4. Diverse Voices Prevent Echo Chambers

Fedora's discussion included:

  • Council members and regular contributors
  • Supporters and skeptics of AI
  • Technical concerns and governance concerns
  • In-person discussion (Flock) and asynchronous debate (forums)

QEMU had seven virtualization engineers from mostly the same company. NetBSD had no public discussion at all. Fedora had an actual community process.

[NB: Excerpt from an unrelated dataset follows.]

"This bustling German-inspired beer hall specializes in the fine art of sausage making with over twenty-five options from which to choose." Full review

5. Avoided Claims Requiring Expertise They Lacked

To be clear: Fedora's discussion also lacked explicit AI/ML researchers or copyright lawyers. But here's the crucial difference: Fedora's policy doesn't make claims that require such expertise.

Compare the approaches:

  • QEMU asserted: DCO compliance is "not credible" for AI code — a legal conclusion made by engineers
  • Gentoo claimed: AI reproduces training data — a technical assertion about how LLMs work
  • Fedora stated: Contributors are responsible for their contributions — a governance principle requiring no special expertise

By focusing on behavior rather than technical or legal judgments, Fedora avoided making claims they couldn't substantiate. They didn't assert AI code is legally problematic; they said contributors must take responsibility regardless of how code was created.

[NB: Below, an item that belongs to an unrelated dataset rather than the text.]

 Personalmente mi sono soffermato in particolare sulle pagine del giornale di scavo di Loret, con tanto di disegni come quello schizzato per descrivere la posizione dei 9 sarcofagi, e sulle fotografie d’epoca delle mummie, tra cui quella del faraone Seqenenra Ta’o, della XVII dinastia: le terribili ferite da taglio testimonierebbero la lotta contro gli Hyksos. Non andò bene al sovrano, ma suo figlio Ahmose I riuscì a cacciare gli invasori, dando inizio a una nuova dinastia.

Comparison: Governance Approaches

Project Process Expert Input Outcome
Gentoo RFC with author voting ML engineer ignored Full ban
NetBSD Silent commit None sought Effective ban
QEMU Mailing list (engineers only) None (made legal claims anyway) Full ban
Debian Open proposal + debate N/A (no ban to justify) No ban
Fedora Survey + conference + formal review None (but avoided claims needing it) Allow with disclosure

Time alone doesn't guarantee good outcomes — QEMU took 18 months and still produced a ban. But Fedora combined time with structured community engagement: surveys, conferences, formal review periods, and transparent voting.

The Takeaway

Fedora's AI policy isn't perfect. Critics raised valid concerns about enforcement and liability that remain partially unresolved. And notably, their discussion also lacked AI/ML researchers or IP lawyers. But it's vastly better than the alternatives we've seen.

What Fedora got right:

  • Gathered evidence first: Survey data, not assumptions, drove the process
  • Invited diverse input: Multiple venues, multiple perspectives
  • Focused on behavior: Accountability and quality, not tool prohibition
  • Stayed in their lane: Didn't make legal or technical claims they couldn't substantiate
  • Acknowledged uncertainty: Living document, not permanent edict
  • Respected contributors: Trusted them to act responsibly with clear guidelines

The result is a policy that addresses legitimate concerns — quality, disclosure, governance bias — without throwing the baby out with the bathwater.

Editorial: Governance Is a Skill

Fedora's success isn't accidental. It reflects a mature governance culture that treats policy-making as a skill requiring deliberation, diverse input, and humility about uncertainty.

The projects that banned AI share a common flaw: they let small groups of similar people make sweeping decisions without seeking expertise they lacked. NetBSD's core team, Gentoo's council, QEMU's mailing list regulars — all competent in their domains, all out of their depth on AI policy.

Fedora asked: "What do our contributors actually think?" They held conferences, ran surveys, published drafts, and invited critique. They treated AI policy as a governance challenge, not a technical one.

The difference in outcomes speaks for itself.